**INFORMATION SUPPLIED**
..........

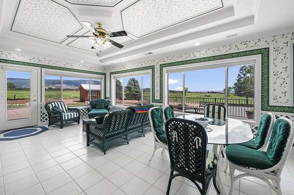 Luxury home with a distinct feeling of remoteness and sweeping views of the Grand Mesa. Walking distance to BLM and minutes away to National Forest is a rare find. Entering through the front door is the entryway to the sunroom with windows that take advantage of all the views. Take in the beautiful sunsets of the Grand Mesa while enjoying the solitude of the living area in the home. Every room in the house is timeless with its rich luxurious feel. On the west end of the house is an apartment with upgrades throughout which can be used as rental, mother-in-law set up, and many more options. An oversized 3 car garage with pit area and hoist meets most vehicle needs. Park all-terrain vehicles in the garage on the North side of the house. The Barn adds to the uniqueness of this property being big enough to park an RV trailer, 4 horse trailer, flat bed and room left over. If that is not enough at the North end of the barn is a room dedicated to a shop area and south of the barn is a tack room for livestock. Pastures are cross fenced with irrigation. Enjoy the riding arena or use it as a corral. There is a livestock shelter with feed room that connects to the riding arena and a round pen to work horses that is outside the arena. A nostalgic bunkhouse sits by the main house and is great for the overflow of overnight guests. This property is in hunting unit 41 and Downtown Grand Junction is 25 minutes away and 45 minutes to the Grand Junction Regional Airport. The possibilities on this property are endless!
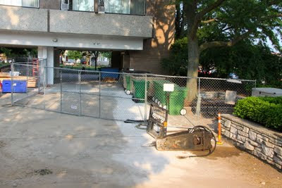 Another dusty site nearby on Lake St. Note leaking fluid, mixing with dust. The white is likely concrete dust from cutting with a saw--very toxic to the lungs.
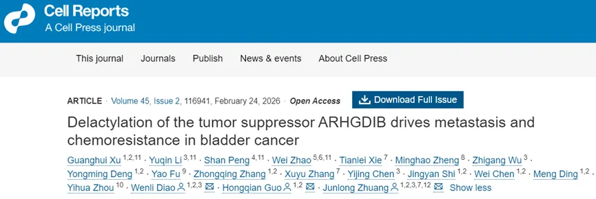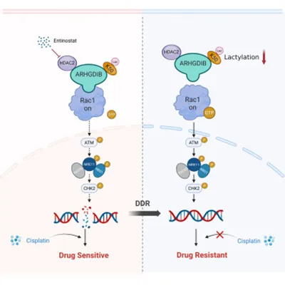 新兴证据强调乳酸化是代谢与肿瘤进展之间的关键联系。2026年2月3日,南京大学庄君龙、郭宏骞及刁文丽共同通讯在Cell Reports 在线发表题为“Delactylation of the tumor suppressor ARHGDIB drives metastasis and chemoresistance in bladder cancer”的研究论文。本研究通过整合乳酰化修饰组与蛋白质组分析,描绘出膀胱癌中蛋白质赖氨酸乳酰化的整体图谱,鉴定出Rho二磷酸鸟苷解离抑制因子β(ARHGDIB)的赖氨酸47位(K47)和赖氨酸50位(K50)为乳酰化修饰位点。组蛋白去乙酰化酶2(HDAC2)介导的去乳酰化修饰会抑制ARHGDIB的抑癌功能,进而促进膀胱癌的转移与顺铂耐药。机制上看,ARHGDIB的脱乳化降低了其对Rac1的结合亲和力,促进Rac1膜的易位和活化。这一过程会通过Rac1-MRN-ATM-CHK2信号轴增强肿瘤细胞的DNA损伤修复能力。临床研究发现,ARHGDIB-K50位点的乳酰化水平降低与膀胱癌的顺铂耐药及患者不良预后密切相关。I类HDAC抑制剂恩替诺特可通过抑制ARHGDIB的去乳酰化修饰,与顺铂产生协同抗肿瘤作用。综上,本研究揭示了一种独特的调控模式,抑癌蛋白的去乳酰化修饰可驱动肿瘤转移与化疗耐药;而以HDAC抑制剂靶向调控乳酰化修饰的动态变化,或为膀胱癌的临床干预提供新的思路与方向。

..........

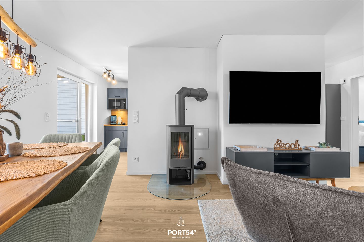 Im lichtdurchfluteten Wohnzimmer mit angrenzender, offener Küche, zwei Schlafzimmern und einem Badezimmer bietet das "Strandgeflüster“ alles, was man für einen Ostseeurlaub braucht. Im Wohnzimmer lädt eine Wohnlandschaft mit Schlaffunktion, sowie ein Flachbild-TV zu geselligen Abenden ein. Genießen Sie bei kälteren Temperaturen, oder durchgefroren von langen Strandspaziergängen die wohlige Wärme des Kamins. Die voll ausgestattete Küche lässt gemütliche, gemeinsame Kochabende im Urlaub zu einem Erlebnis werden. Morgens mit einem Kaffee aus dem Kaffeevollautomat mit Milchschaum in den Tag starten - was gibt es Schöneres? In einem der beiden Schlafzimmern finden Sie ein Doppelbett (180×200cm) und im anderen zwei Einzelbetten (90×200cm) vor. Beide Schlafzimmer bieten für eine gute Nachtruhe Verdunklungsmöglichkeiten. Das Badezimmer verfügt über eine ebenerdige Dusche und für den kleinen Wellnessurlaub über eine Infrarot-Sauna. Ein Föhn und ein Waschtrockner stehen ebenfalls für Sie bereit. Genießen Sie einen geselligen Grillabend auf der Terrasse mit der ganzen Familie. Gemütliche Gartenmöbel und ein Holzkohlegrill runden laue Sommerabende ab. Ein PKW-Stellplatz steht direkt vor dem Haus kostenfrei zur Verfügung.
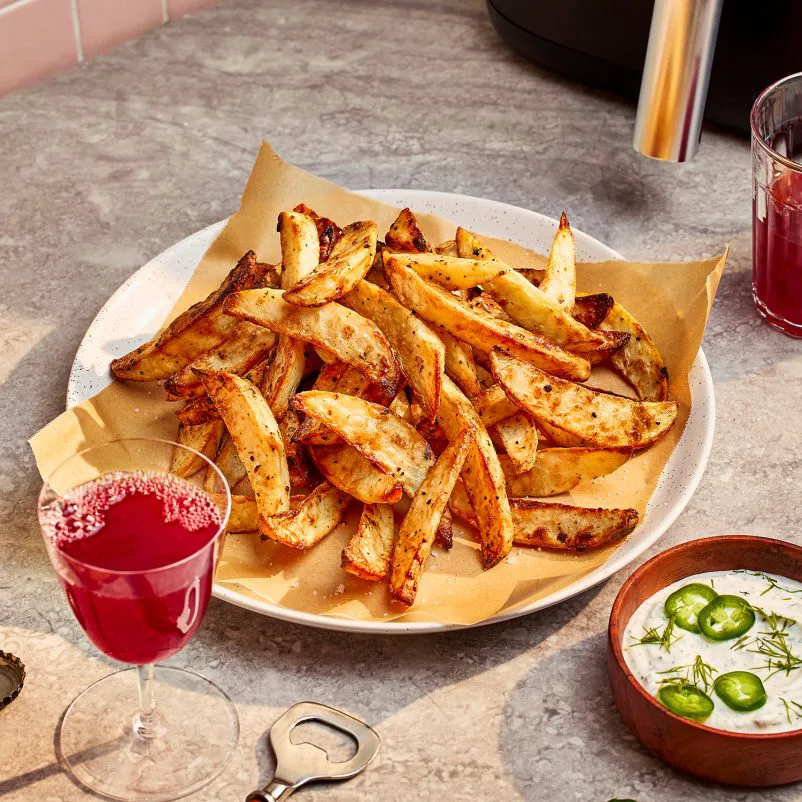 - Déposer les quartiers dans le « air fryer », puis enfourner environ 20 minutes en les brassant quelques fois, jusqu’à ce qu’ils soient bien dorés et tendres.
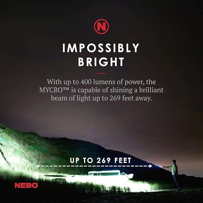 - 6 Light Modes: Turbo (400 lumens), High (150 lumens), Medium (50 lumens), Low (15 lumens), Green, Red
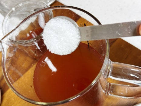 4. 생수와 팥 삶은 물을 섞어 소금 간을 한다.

..........

**PROBLEM REQUIREMENTS**
Write out word for word the lines of the listing above from the line with "Im lichtdurchfluteten Wohnzimmer" to the line with "- Déposer les", taking in both of those lines but no pictures.

**SOLUTION FOR THIS PROBLEM**
 Im lichtdurchfluteten Wohnzimmer mit angrenzender, offener Küche, zwei Schlafzimmern und einem Badezimmer bietet das "Strandgeflüster“ alles, was man für einen Ostseeurlaub braucht. Im Wohnzimmer lädt eine Wohnlandschaft mit Schlaffunktion, sowie ein Flachbild-TV zu geselligen Abenden ein. Genießen Sie bei kälteren Temperaturen, oder durchgefroren von langen Strandspaziergängen die wohlige Wärme des Kamins. Die voll ausgestattete Küche lässt gemütliche, gemeinsame Kochabende im Urlaub zu einem Erlebnis werden. Morgens mit einem Kaffee aus dem Kaffeevollautomat mit Milchschaum in den Tag starten - was gibt es Schöneres? In einem der beiden Schlafzimmern finden Sie ein Doppelbett (180×200cm) und im anderen zwei Einzelbetten (90×200cm) vor. Beide Schlafzimmer bieten für eine gute Nachtruhe Verdunklungsmöglichkeiten. Das Badezimmer verfügt über eine ebenerdige Dusche und für den kleinen Wellnessurlaub über eine Infrarot-Sauna. Ein Föhn und ein Waschtrockner stehen ebenfalls für Sie bereit. Genießen Sie einen geselligen Grillabend auf der Terrasse mit der ganzen Familie. Gemütliche Gartenmöbel und ein Holzkohlegrill runden laue Sommerabende ab. Ein PKW-Stellplatz steht direkt vor dem Haus kostenfrei zur Verfügung.
 - Déposer les quartiers dans le « air fryer », puis enfourner environ 20 minutes en les brassant quelques fois, jusqu’à ce qu’ils soient bien dorés et tendres.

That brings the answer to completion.